Open jpfeil opened 5 years ago
Thanks, Jacob! Will you please also add the following genes to the gene list?
aggregatedCancerGenes_2018-01-04_12.20.15PM.txt
Details on the gene list are here: https://github.com/UCSC-Treehouse/analysis-methods/blob/master/gene_lists/gene_list_readme.md
@e-t-k I want to run the updated pipeline on a few samples. Can you please copy these fastq files to /scratch/jpfeil/fusion? Thanks!
TH01_0122_S01 TH01_0129_S01 TH01_0132_S01
@jpfeil per discussion, TH34_1455_S01 fastqs have been copied to:
/scratch/ekephart/fusion/TH34_1455_S01
on razzmatazz.prism
I did not have permissions to write directly to your /scratch/jpfeil/fusion
dir.
So you may mv
my copy to your dir instead.
The latest version of the pipeline finds the TH34_1455_S01 EWSR1--PATZ1 fusion.

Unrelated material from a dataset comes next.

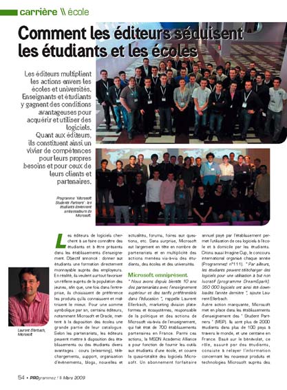 Les éditeurs de logiciels cherchent à se faire connaître des étudiants et à être présents dans les établissements d’enseignement. Objectif annoncé : donner aux étudiants une formation directement monnayable auprès des employeurs. En réalité, ils veulent surtout favoriser un réflexe auprès de la population des jeunes, afin que, une fois dans l’entreprise, ils choisissent de préférence les produits qu’ils connaissent et maîtrisent le mieux. Pour une somme symbolique par an, certains éditeurs,notamment Microsoft et Oracle, mettent à la disposition des écoles une grande partie de leur catalogue. Selon les partenariats, les éditeurs peuvent mettre à disposition des établissements ou des étudiants divers avantages : cours (e-learning), téléchargements, support, organisation d’événements, blogs, nouvelles et actualités, forums, foires aux questions, etc. Sans surprise, Microsoft est largement en tête en nombre de partenariats et en multiplicité des actions menées vis-à-vis des étudiants, des écoles et des universités.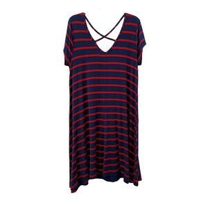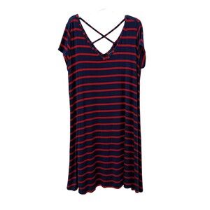 Lane Bryant Dress 14/16 1X Striped Knit Red Navy Crisscross Accent Midi Length

@e-t-k The digest for the latest version is sha256:9e5ce87104287205f3ece4773296b219c71974d48f1e0b92de2fc629168479a2
@jpfeil could you double-check that the SHA is correct? I don't see that https://hub.docker.com/r/ucsctreehouse/fusion has been updated recently; and I'm unable to pull the image by that sha:
$ docker run --rm ucsctreehouse/fusion@sha256:9e5ce87104287205f3ece4773296b219c71974d48f1e0b92de2fc629168479a2
Unable to find image 'ucsctreehouse/fusion@sha256:9e5ce87104287205f3ece4773296b219c71974d48f1e0b92de2fc629168479a2' locally
docker: Error response from daemon: manifest for ucsctreehouse/fusion@sha256:9e5ce87104287205f3ece4773296b219c71974d48f1e0b92de2fc629168479a2 not found.
See 'docker run --help'.
Sorry, @e-t-k I pushed to the wrong docker hub. Try this one:
docker run --rm ucsctreehouse/fusion@sha256:633adf491aac8c216df2855e47a2ffd55c9af6c5f646ae0944a4273f33caffe0
@jpfeil Thanks for the new SHA.
I've just done a test run on the pipelines' test FASTQs and it has errored out. The key line seems to be ERROR: didn't find at least 1000 BAM records properly ordered along a single scaffold. at /opt/trinityrnaseq-Trinity-v2.4.0/util/support_scripts/ensure_coord_sorted_sam.pl
and full log: fusion-log-error.txt
Note that previously, these test files didn't have any fusions that passed the gene list, so FusionInspector was skipped entirely.
Is this something I can resolve in the fab wrapper, or do you need to add a check to the script? And let me know if you need access to any of the intermediate files.
Thanks, @e-t-k are you using the --run-fusion-inspector flag? Try removing it.
@jpfeil Yes, I am using --run_fusion_inspector. But if I remove it from the pipelines Makefile, then we won't get FusionInspector results at all for any sample; are those actually not important for you?
Some more info:
The test sample has 1 fusion in star-fusion.fusion_candidates.final.in_genelist.abridged
, BRD4--RFX1
Docker run command:
docker run --rm \
-v $(shell pwd)/outputs:/data/outputs \
-v $(shell pwd)/samples:/data/samples \
-v $(shell pwd)/references:/data/references \
ucsctreehouse/fusion@sha256:633adf491aac8c216df2855e47a2ffd55c9af6c5f646ae0944a4273f33caffe0 \
--left_fq $(R1) \
--right_fq $(R2) \
--output_dir outputs/fusions \
--CPU `nproc` \
--genome_lib_dir references/STARFusion-GRCh38gencode23 \
--run_fusion_inspector
@jpfeil After some thought, here's my proposal. What do you think of:
--clean
arg so that we only get whatever whitelisted output has been created and all the intermediate output is removed.The downside of this is that if star or FusionInspector fail for a "legitimate" reason, it will be less obvious and will be more effort to debug; but I haven't seen much evidence of that happening in all the samples we've run previously.
@e-t-k I think it's cleaner if the fusion pipeline fails gracefully instead of blowing up. I'll modify the code to write the error message to a log file.
@jpfeil Perfect; that way it will be continue to be obvious if it does blow up. So just let me know whenever you have the new SHA and I'll take it from there :-)
@e-t-k I'm not able to reproduce the error, but I added code to save an error log instead of raising the error. Let me know if this version causes the same problem:
sha256:827aa24b9e3711d56544c9df11dc990c4cf9cd7fca7bd84cca481c0463ea7434
The pipeline filters genes were one of the genes is not in the gene-list. This may miss some fusions of interest.